Jeff Shaw, executive director of the Maine Academy for Modern Music, said the educational institution had done well in switching to distance learning, an option the academy had long been considering anyway.

“Most of our students were able to do it,” he said. The academy also ran small-scale in-person summer camps, using plexiglass screens and keeping windows open. Now it offers a mix of online and in-person programming and is retraining its staff to operate in the hybrid environment. But the academy has lost its events and sponsorships.

“We adapt and try to be upbeat and creative” and develop workarounds, Shaw said.

“Businesses are struggling and the arts and culture community and organizations are no exception,” said Quincy Hentzel, CEO of the Portland Regional Chamber of Commerce. “We do everything we can to work with the creative organizations in Portland who have so many and in some cases endless needs. Or the mission now is to pave the way for recovery.

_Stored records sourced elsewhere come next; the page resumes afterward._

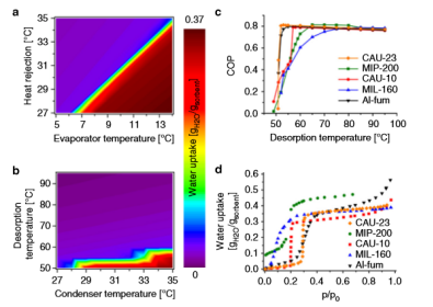 高效利用能源進(jìn)行制冷應(yīng)用是一個(gè)非常重要并且具有挑戰(zhàn)性的研究方向。用水作為冷卻劑的超低溫驅(qū)動(dòng)吸附式制冷機(jī)(ADCs)是一種環(huán)保的選擇。開(kāi)發(fā)了新型高效材料,吸附式制冷機(jī)正在重新成為尖端設(shè)備。這些材料使用了以前無(wú)法實(shí)現(xiàn)的低驅(qū)動(dòng)溫度,并保持了高制冷輸出,同時(shí)僅使用水作為制冷劑。其中,金屬有機(jī)物結(jié)構(gòu)(MOF)這一類(lèi)吸附劑的吸水性能對(duì)這一應(yīng)用很有效。但在實(shí)際條件下長(zhǎng)期使用時(shí),擁有高穩(wěn)定性的,只有少數(shù)的MOF。
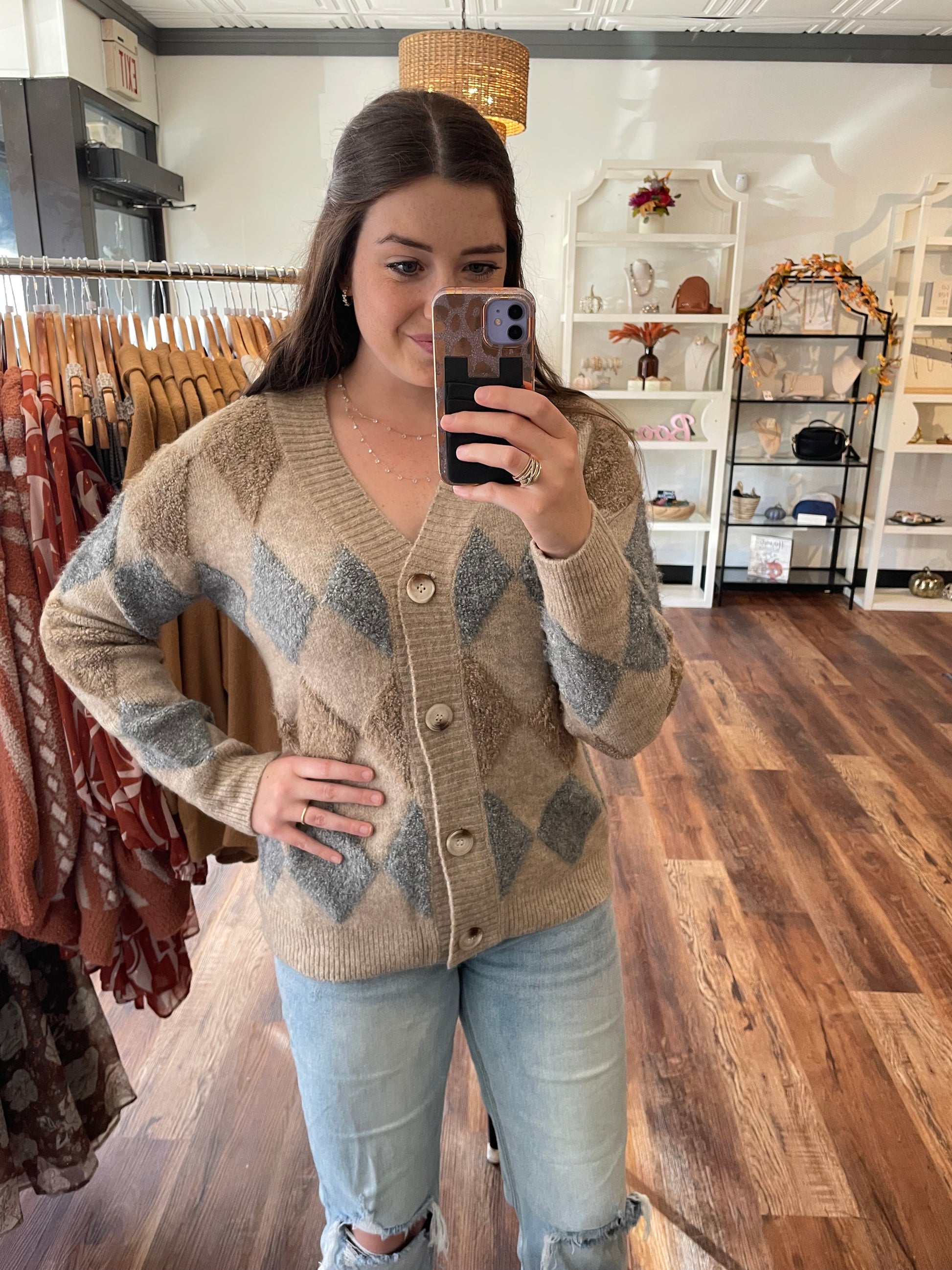Tan and Blue Diamond Pattern Cardigan
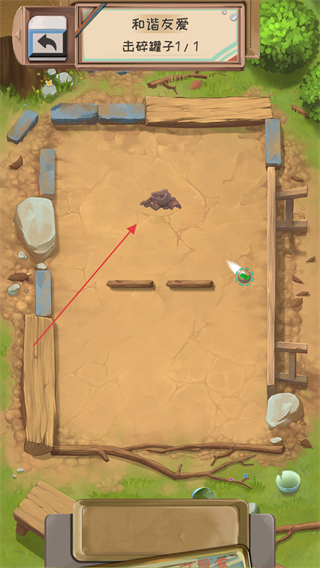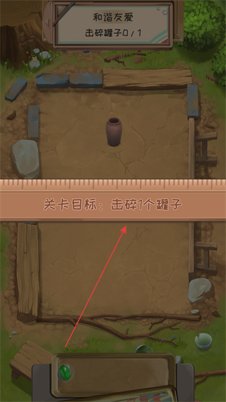 1、明確關卡目標為擊碎1個罐子,觀察罐子位置。
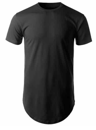 Men's XL Size 100% Cotton Muscle T-Shirt Oversized Plain Dyed Long Sleeved Scoop Neck With Rounded Bottom Curved Him Print
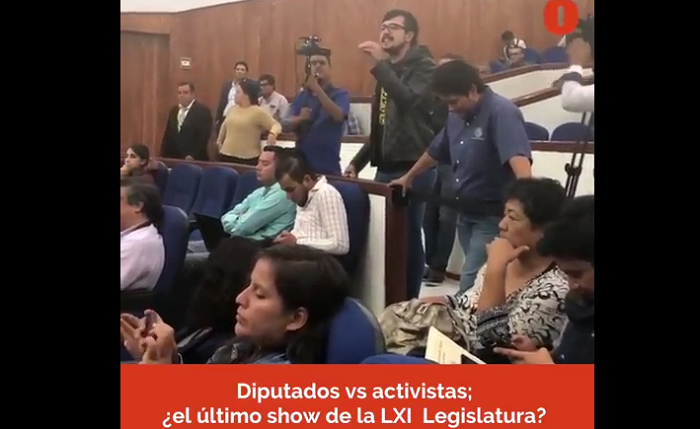 Los diputados Sergio Desfassiux Cabello y José Luis Romero Calzada discutieron este día con activistas que los criticaron por la aprobación de los dictámenes de la Auditoría Superior del Estado sobre las cuentas públicas 2017.
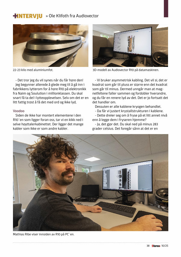 Jeg begynner allerede å glede meg til å gå inn i fabrikkens lytterom for å høre R10 på elektronikk fra Naim og Soulution i millionklassen. Du skal snart få ta del i lytteopplevelsen. Selv om det er en litt fattig trøst å få det med ord og ikke lyd,
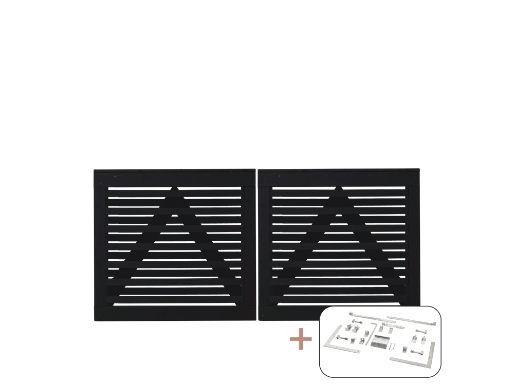Osaka Doppeltor mit hochwertigem Beschläge-Paket: zweiflügeliges Einfahrttor, diagonal verstärkt , Sandwichrahmen, in schwarz.
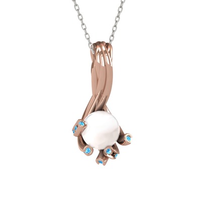 Inci ve akuamarin 925 ayar rose altın kaplama gümüş kolye (40 cm beyaz altın rolo zincir)
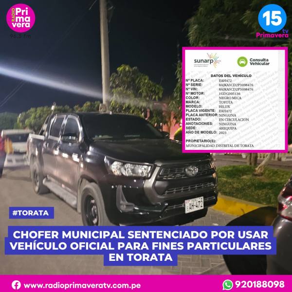 Los hechos ocurrieron el 22 de julio de 2024, cuando Chávez Asqui fue intervenido por la Policía en Samegua, conduciendo en estado de ebriedad el vehículo oficial de placa EAH-472, perteneciente a la Municipalidad Distrital de Torata.

Hentzel continued, “The arts are an economic engine within our Portland economic engine. You are an essential part of our workforce and our economy. This includes the trickle-down effect when there is a show in town and consumers also pay for parking lots, restaurant meals, hotels, and perhaps to attend another show or museum while they are. in the city.

Then there is the larger effect.

“Portland’s vibrant arts and cultural life draws people to live and work in Maine,” Hentzel said. “We have this cultural life and we have to make sure it stays active.”